Bank of America’s new $458 mark on the U.S. shares now sits just above that cluster and trails only UBS.

Shares of Ferrari N.V. remain about 25% below the record high of $519.10 reached nearly a year ago.

Second-Quarter Results Put Guidance In The Spotlight

Ferrari reports second-quarter results on July 30. Bank of America models a 30.5% operating margin against consensus at 30.6% and up from 29.7% in the first quarter, helped by a richer product mix and slightly higher average prices as the F80 supercar and 296 Speciale ramp.

Volumes should slip modestly year over year as the 296 GTB phases out, and the Amalfi and 849 Testarossa only begin phasing in, making the quarter less about volume than the quality of earnings.

The firm expects a modest full-year 2026 guidance raise, noting Ferrari has lifted guidance at least once a year since 2022.

EPS Growth Now Runs Ahead Of Hermès

Schneider lifted his 2027 and 2028 earnings estimates and now sees compound earnings-per-share growth of about 9% through 2030 against Ferrari’s own mid-term guidance of about 6%.

That trajectory edges ahead of luxury bellwether Hermès, which many investors treat as Ferrari’s closest comparison.
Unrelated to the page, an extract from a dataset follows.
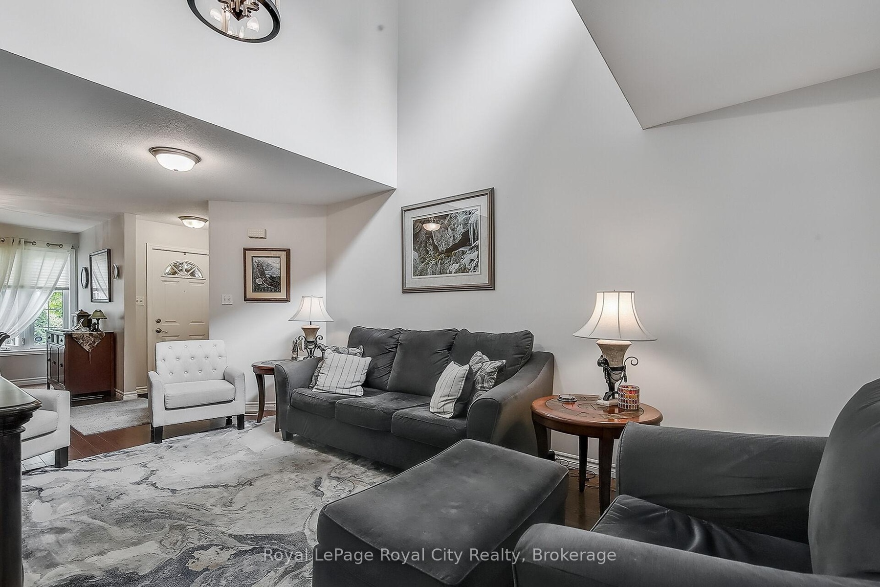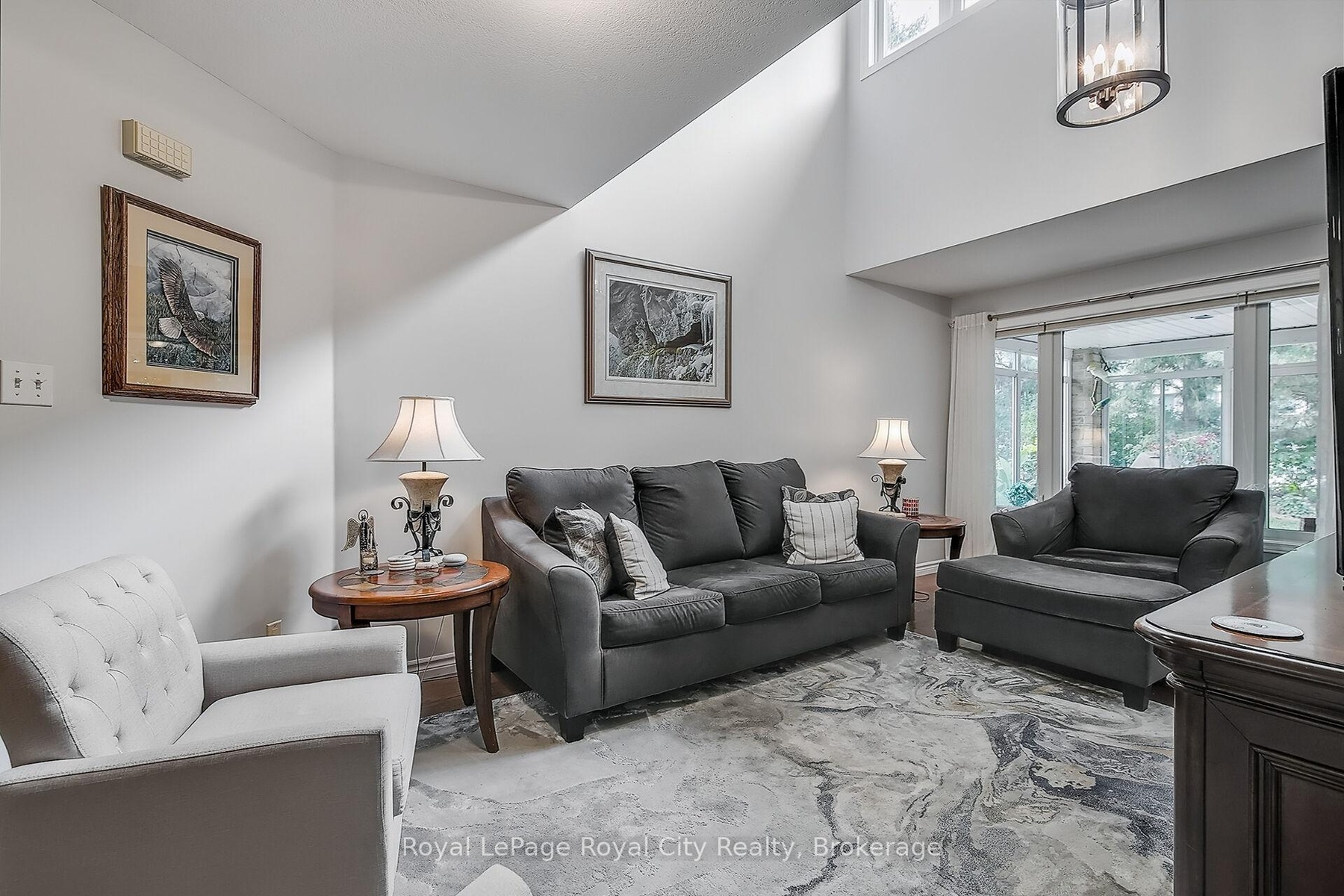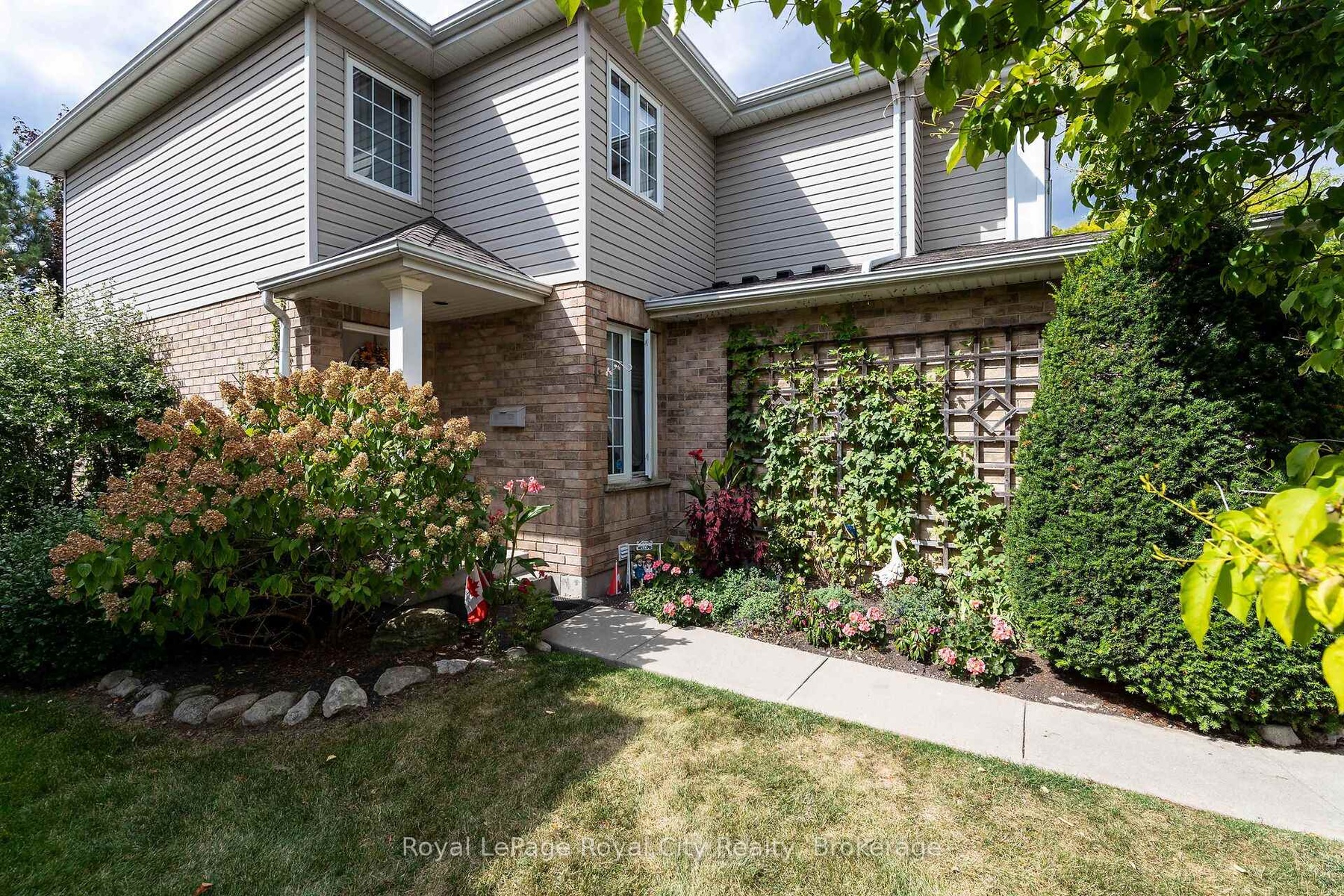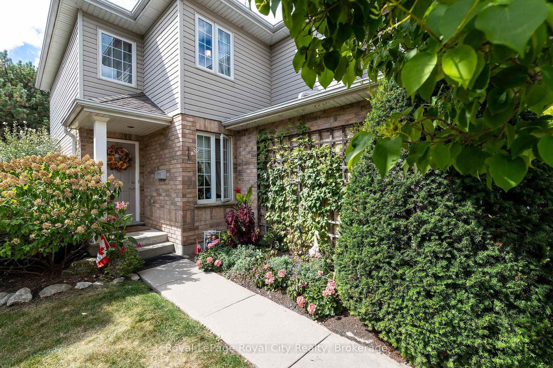 Welcome to The Cottages, a friendly, private, highly desirable enclave that has become a favourite for many. Location is everything, and this home offers the perfect blend of convenience and comfort, just minutes from all the amenities Guelphs south end has to offer. Pride of ownership shines throughout this spacious three-bedroom plus den, 3.5-bathroom home. The bright and inviting living room welcomes you with soaring ceilings, while the updated kitchen features granite countertops, a stylish renovation, and overlooks a warm and cozy family room complete with fireplace. A bonus 3 season sunroom is a great place to start your morning coffee or wind down with a good book at the end of the day. The primary suite is a true retreat, boasting a completely updated ensuite with a fabulous walk-in glass shower. Solid oak hardwood flooring has been added to both the main and upper levels, giving the home a timeless, elegant feel. Freshly painted and move-in ready, every detail has been carefully maintained. Additional highlights include: Main floor laundry; Two-car garage; Fully finished basement with family room, bedroom, three-piece bath, and generous storage; New granite countertops in both kitchen and baths; Low condo fees that cover everything from the drywall out; Plenty of visitor parking. With its thoughtful updates, inviting layout, and unbeatable location, this home offers the low-maintenance lifestyle you've been waiting for without compromise.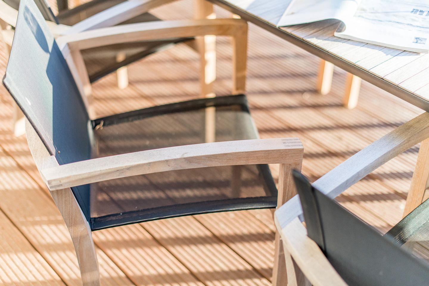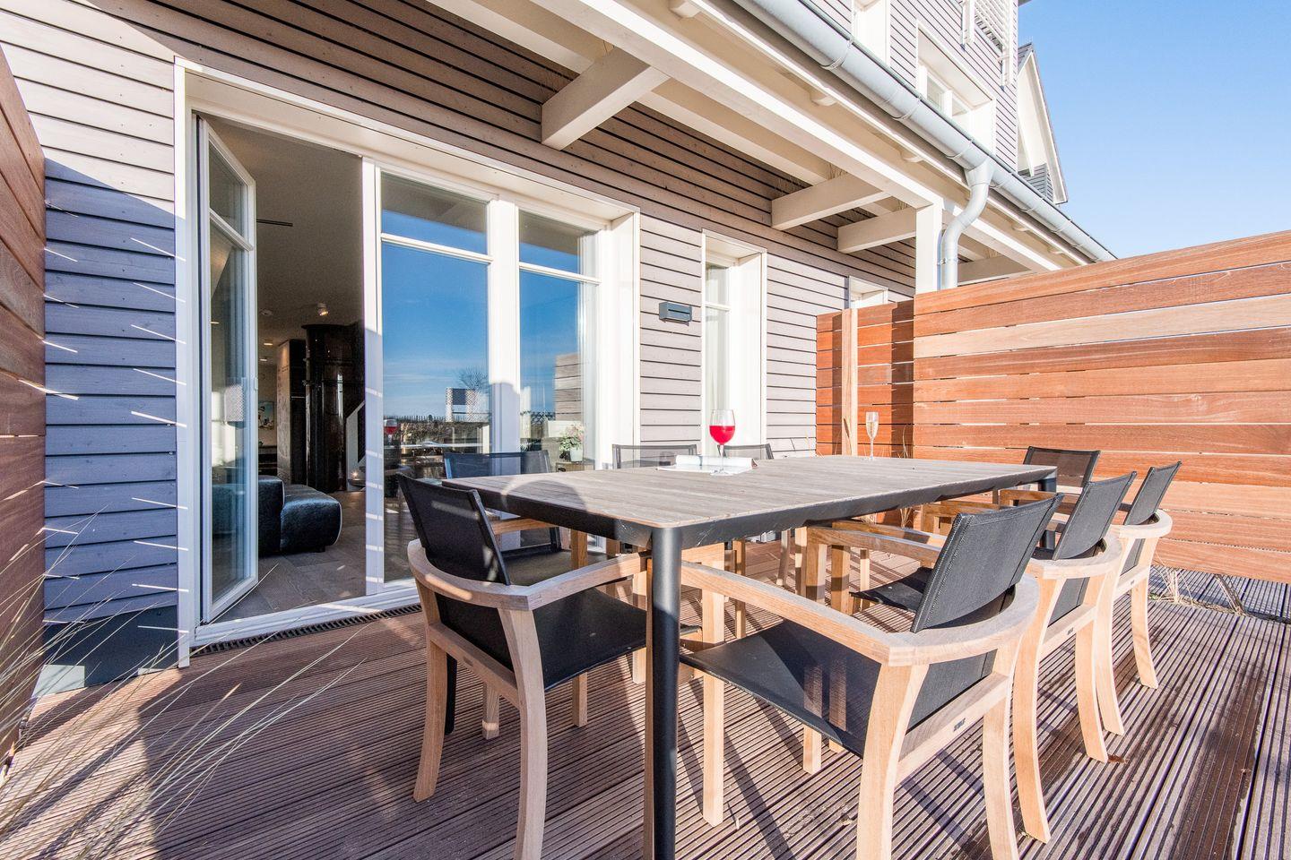Von hier aus gelangen Sie auf Ihre eigene Bangkirai-Terrasse mit exklusiven italienischen Designer-Möbeln für alle Bewohner, es schließt sich direkt die Naturgeschützte Dünenfläche mit Rosen an – hier gilt für alle Zwei – und Vierbeiner – Betreten leider nicht gestattet, Blick und Flair genießen Ausdrücklich erlaubt.

Bank of America raised its terminal growth assumption to 3.75% from 3.5% and widened the valuation premium it applies to luxury peers to 25% from 20%.

The open question is still the Luce. Ferrari has offered little detail on order intake, and on June 22, commercial chief Enrico Galliera pushed back on reports that clients must buy the EV to access limited-series cars.